If the middle term of the expansion of $(x^3 + 2y^2)^n$ is $C x^{18} y^{12},$ find C.

My work:

I let $u = x^3$ and $v = 2y^2.$ Then doing this: $$(u)^6 = (x^3)^6 \space and \space \space \left(\frac{v}{2} \right)^6 = (y^2)^6$$

we get $u^6 = x^{18}$ and $\left(\frac{v^6}{64} \right) = y^{12}$

We now conclude that the expression $(u + v)^n$ has a term $(u^6)\left(\frac{v^6}{64} \right)$ along its expansion when $u = x^3$ and $v = 2y^2$ We need to find its equivalent term of $(u^6)\left(\frac{v^6}{64} \right)$ when we go back to dealing with $(x^3 + 2y^2)^n.$

Everybody knows that in the binomial expansion of $(u + v)^n,$ in each term, the sum of the exponents of $u$ and $v$ is $n.$ and there are $n+1$ terms.

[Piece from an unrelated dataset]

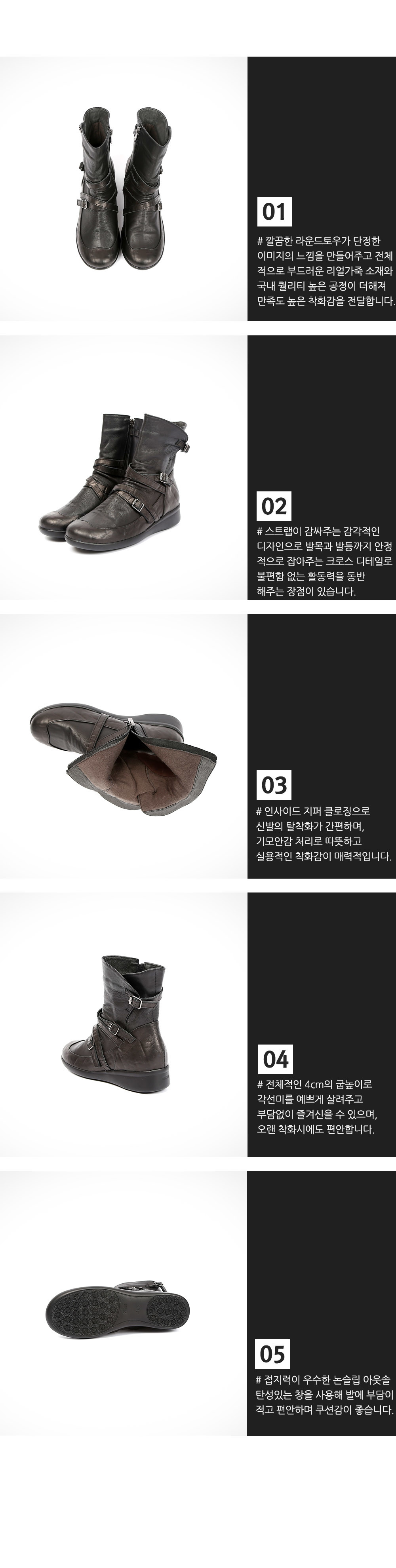 스트아 스트랩 앵클부츠 활용도 만점의 데일리아이템 소개합니다. 발목에 더해진 크로스 스트랩 라인이 시크한 디테일을 연출 군더더기 없는 깔끔하게 떨어지는 라인으로 유행보단 실용성을 중요시 제작 바닥을 제외한 기모안감 처리로 따뜻하고 짱짱한 착용감을 선사합니다. 굽높이 약 4cm로 디자인적인 다리라인을 편안하고 이쁘게 만들어드립니다. 인사이즈 지퍼 디테일로 착용하고 벗기가 자유로우며 접지력이 우수한 논스립 아웃솔 탄성있는 창을 사용하여 발에 부담이 적고 편안하며 쿠션감이 좋습니다. .

With that in mind, the sum of the particular term $(u^6)\left(\frac{v^6}{64} \right)$ is $n = 12$ and the number of terms in that particular expansion is $12+1 = 13.$ Since the problem asks for the coefficient of the middle term $C x^{18} y^{12},$ we need to find its middle term. Turns out, in the binomial expansion containing $13$ terms, the middle term would be the $7$th term.

Now looking for for the expression of the $7$th term:

$$nth \space term = C(n, r-1) u^{n-r+1} v^{r-1}$$ $$expression \space of \space 7th \space term = C(12, 7-1) (x^3)^{12-7+1} (2y^2)^{7-1}$$ $$ = (924) (x^3)^{6} (2y^2)^{6}$$ $$ = (924) (x^{18}) (2)^{6}(y^2)^{6}$$ $$ = (924) (x^{18}) (64) (y^2)^{6}$$ $$ = (924) (x^{18}) (64) (y^{12})$$ $$ = 59136 x^{18} y^{12}$$

Therefore, we conclude that $C = 59136.$

Lastly, the equivalent term of $(u^6)\left(\frac{v^6}{64} \right)$ from $(u + v)^n$, when we go back to dealing with $(x^3 + 2y^2)^n$, is $59136x^{18}y^{12}$

I've done my best but I couldn't verify it. Is my solution correct?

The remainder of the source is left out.